GOAL OF THE EXERCISE: Restate the data word for word and leave the images out.

Top of STORED DATA

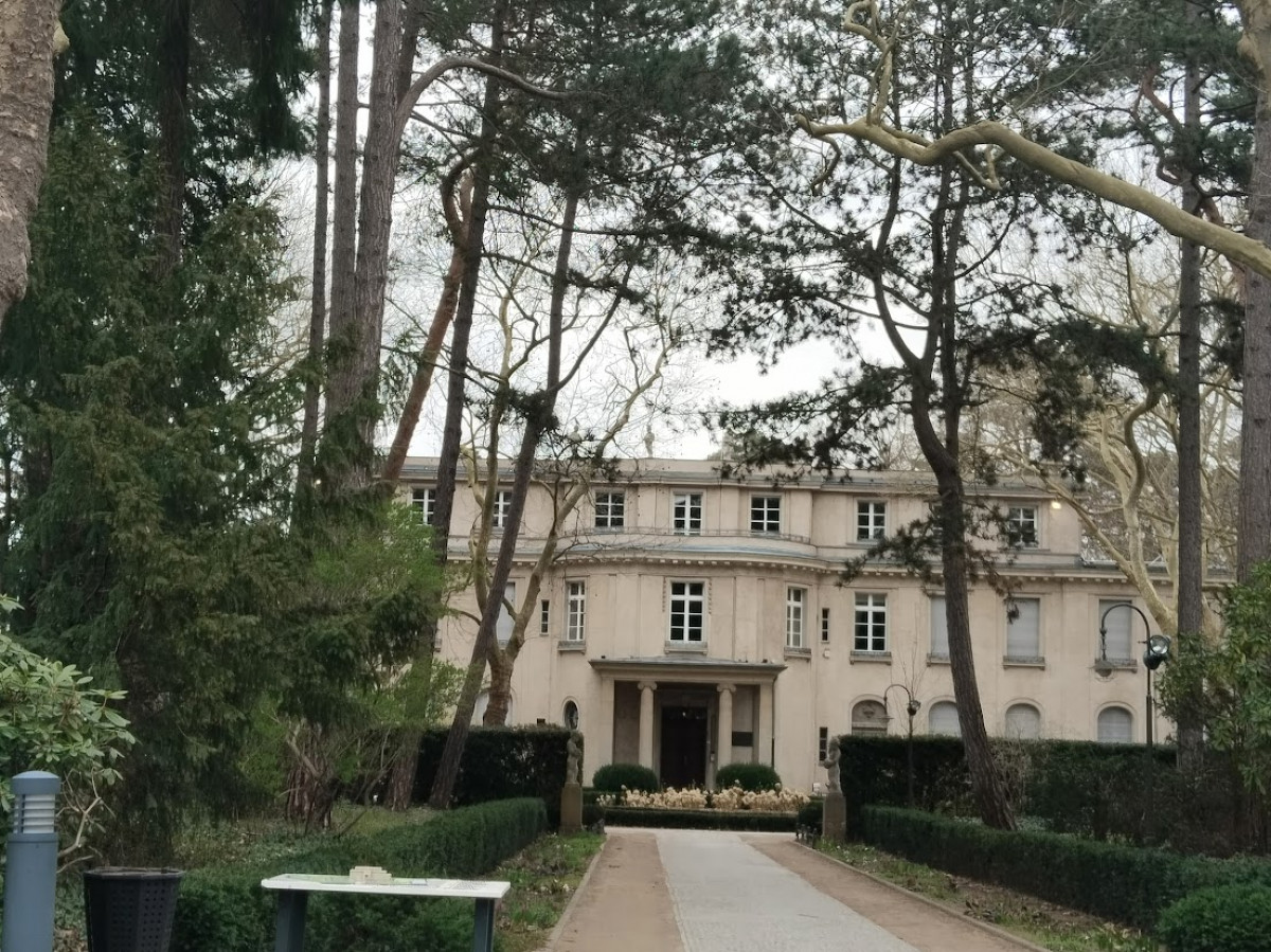 Però hi ha una dada més, en aquest cas inquietant, i és que en un dels hotellets construïts en tan idíl·lic paratge es va programar amb eficàcia germànica el major genocidi recent de la història de la humanitat. Ara es coneix com la “casa de la conferència” i va ser construïda entre 1914 i 1915 com a Villa Marlier per l’industriós del mateix cognom, sobre plànols de l’arquitecte Paul O. Baumgarten. Més tard va passar a ser propietat de Friedrich Minoux, qui el 1940 la va vendre al seu torn a les SS, essent utilitzada a partir d’aleshores com allotjament per a visitants oficials i agents de policia estrangers. Finalitzat el conflicte, es va habilitar com a residència d’oficials aliats, primer soviètics i després nord-americans, per ser adquirida el 1947 per l’Ajuntament de Berlín, que la va cedir al Partit Socialdemòcrata. Però poc temps, perquè a partir de l’estiu de 1952 i fins al 1988 es va utilitzar com a casa de colònies per als nens del districte urbà de Neukölln. Finalment, el 1992 es va convertir en “lloc de memòria” amb l’objectiu d’explicar què és exactament el que va passar al seu menjador el 20 de gener de 1942.
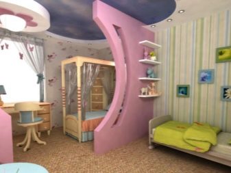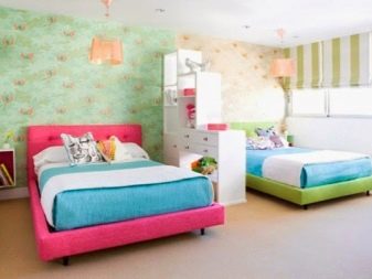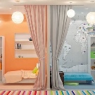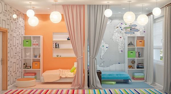 If you are planning to repair in the nursery, it is very important to take into account the interests of each child. For this you need to zone the space.The room can be divided both diagonally and perpendicular to the wall. In this case, you need to choose wallpaper companions or choose the color solution yourself, while ensuring that the design of the room as a whole is organic. To divide the space between parts of the room can be different curtains, partitions or shelves, but the decor of the walls should be in the same stylistic decision. If this wallpaper, they should be present in both parts of the room. If there is a bright accent in one part of the room, then it should be in the other too. Otherwise, the design of the room will not develop into a single picture. Other details of the interior will also help to arrange the separate parts of the space for the boy and for the girl: lighting fixtures, baseboards, floor covering, textiles.
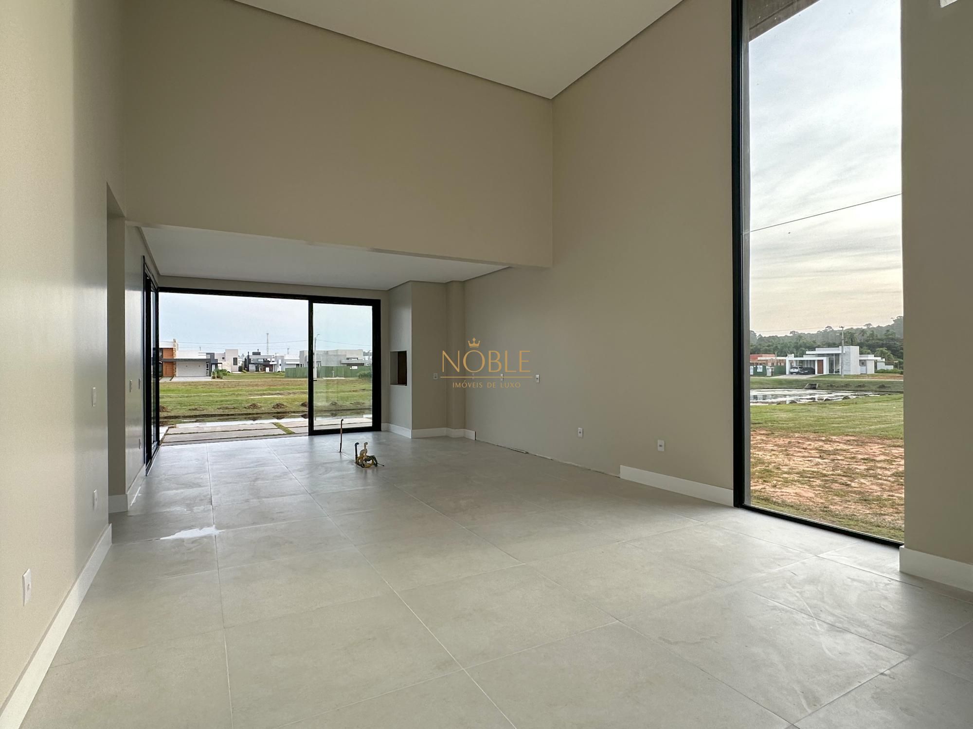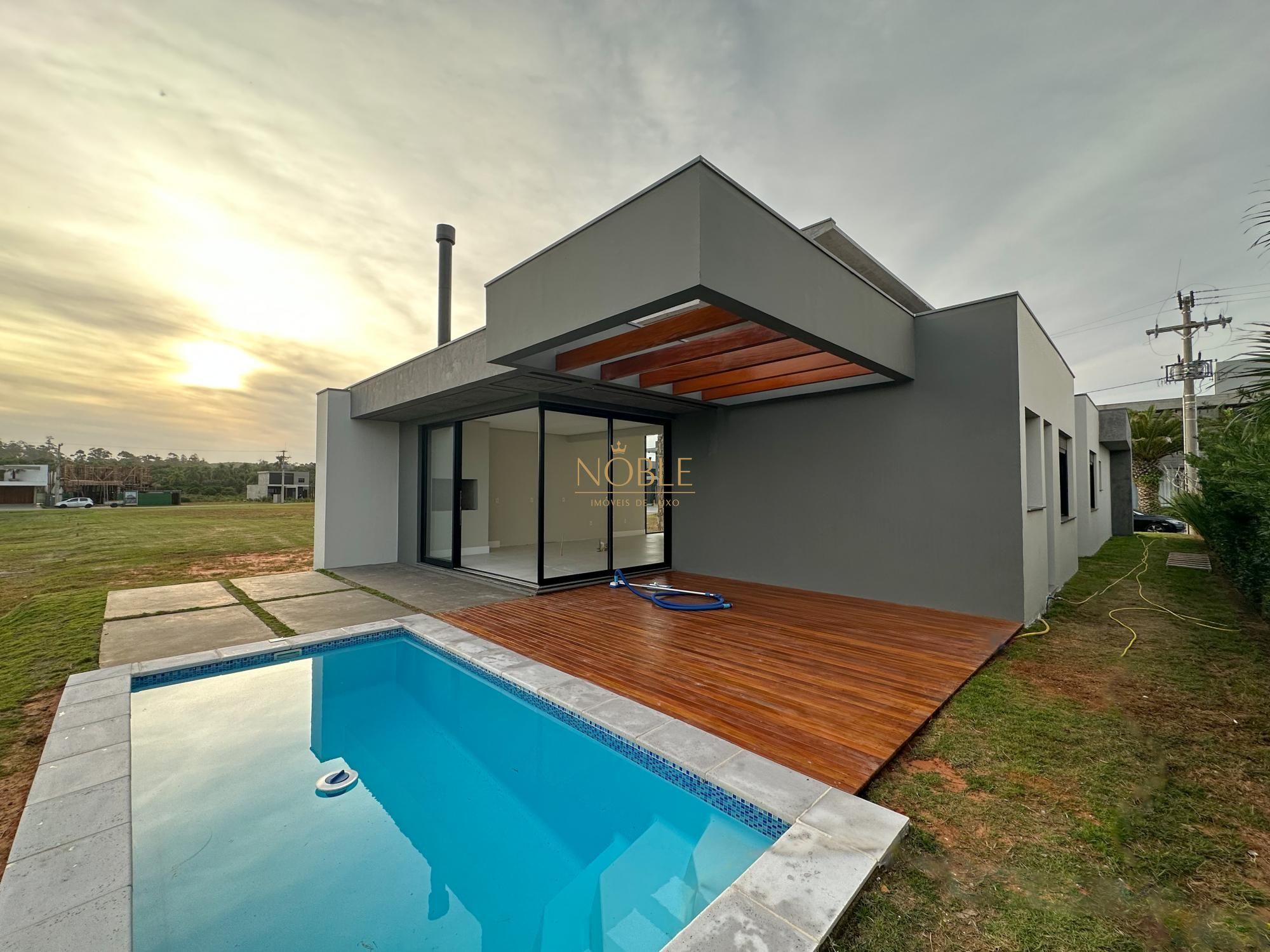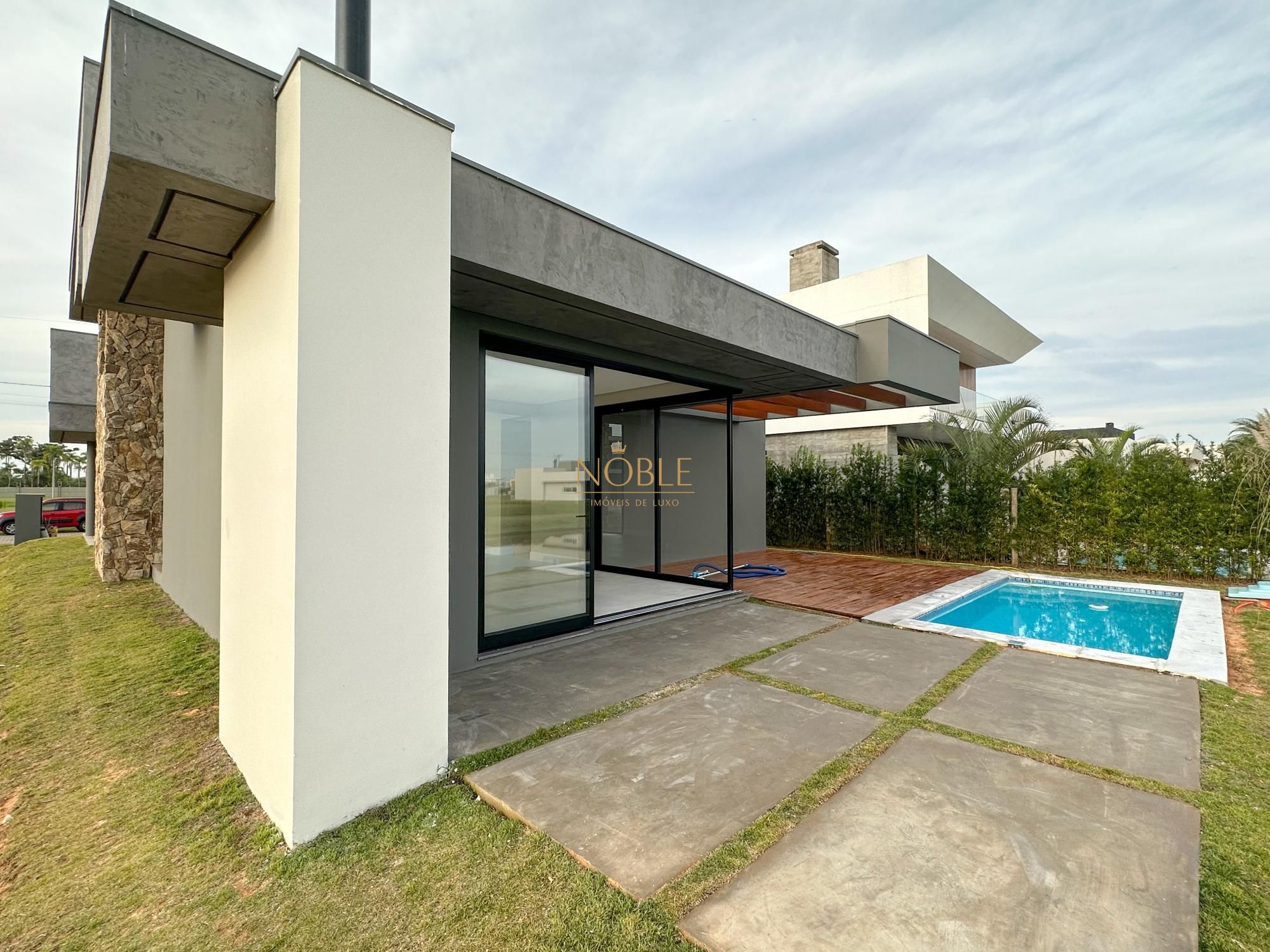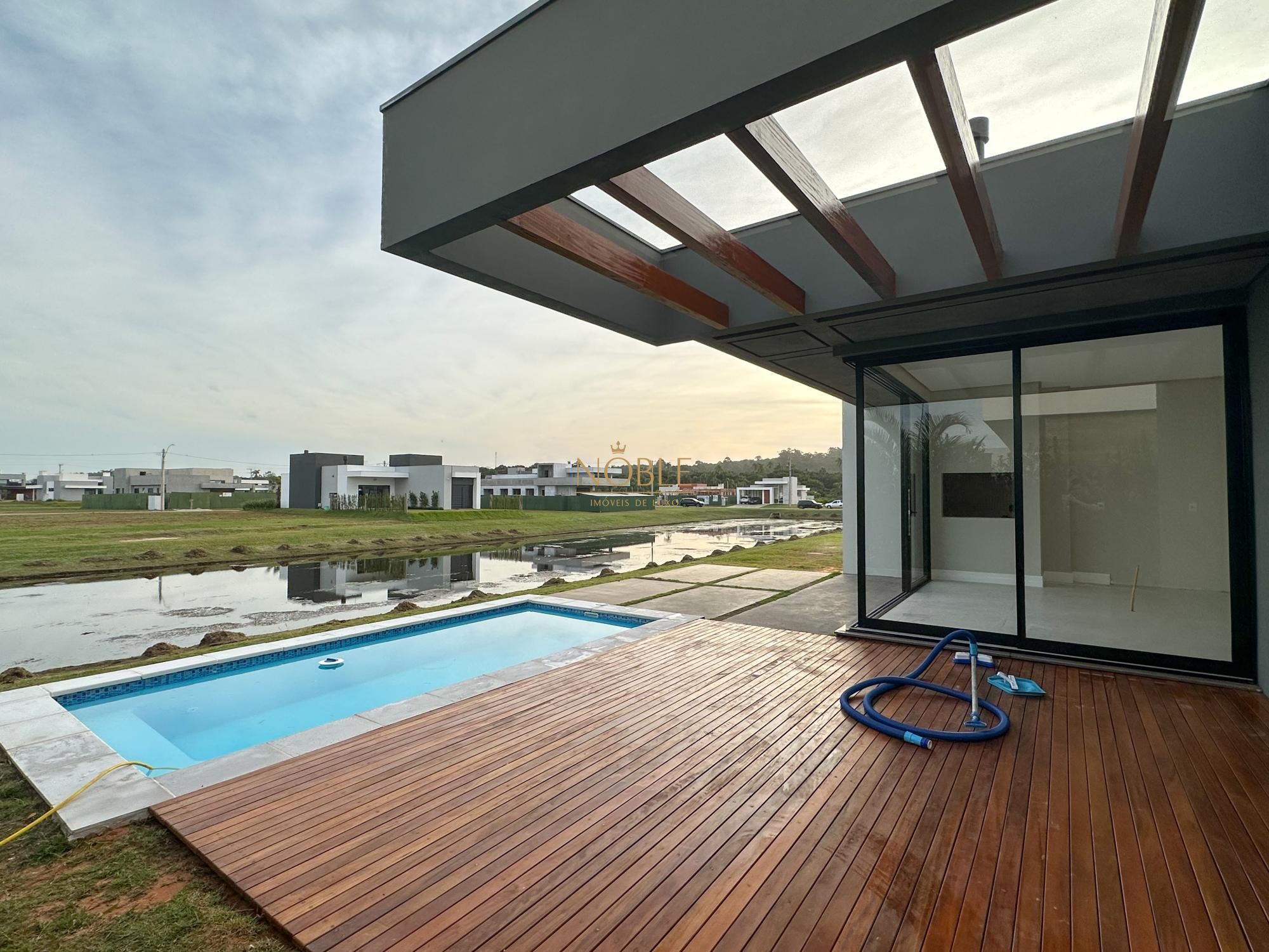 Casa nova com 3 suites, em processo de instalação de mobiliada, pé direito duplo no living, lareira, churrasqueira, deck com piscina, banheiro social, sala de estar e jantar e vaga de garagem coberta para 2 carros.

Bottom of STORED DATA

YOUR RESPONSE:
 Però hi ha una dada més, en aquest cas inquietant, i és que en un dels hotellets construïts en tan idíl·lic paratge es va programar amb eficàcia germànica el major genocidi recent de la història de la humanitat. Ara es coneix com la “casa de la conferència” i va ser construïda entre 1914 i 1915 com a Villa Marlier per l’industriós del mateix cognom, sobre plànols de l’arquitecte Paul O. Baumgarten. Més tard va passar a ser propietat de Friedrich Minoux, qui el 1940 la va vendre al seu torn a les SS, essent utilitzada a partir d’aleshores com allotjament per a visitants oficials i agents de policia estrangers. Finalitzat el conflicte, es va habilitar com a residència d’oficials aliats, primer soviètics i després nord-americans, per ser adquirida el 1947 per l’Ajuntament de Berlín, que la va cedir al Partit Socialdemòcrata. Però poc temps, perquè a partir de l’estiu de 1952 i fins al 1988 es va utilitzar com a casa de colònies per als nens del districte urbà de Neukölln. Finalment, el 1992 es va convertir en “lloc de memòria” amb l’objectiu d’explicar què és exactament el que va passar al seu menjador el 20 de gener de 1942.
 If you are planning to repair in the nursery, it is very important to take into account the interests of each child. For this you need to zone the space.The room can be divided both diagonally and perpendicular to the wall. In this case, you need to choose wallpaper companions or choose the color solution yourself, while ensuring that the design of the room as a whole is organic. To divide the space between parts of the room can be different curtains, partitions or shelves, but the decor of the walls should be in the same stylistic decision. If this wallpaper, they should be present in both parts of the room. If there is a bright accent in one part of the room, then it should be in the other too. Otherwise, the design of the room will not develop into a single picture. Other details of the interior will also help to arrange the separate parts of the space for the boy and for the girl: lighting fixtures, baseboards, floor covering, textiles.
 Casa nova com 3 suites, em processo de instalação de mobiliada, pé direito duplo no living, lareira, churrasqueira, deck com piscina, banheiro social, sala de estar e jantar e vaga de garagem coberta para 2 carros.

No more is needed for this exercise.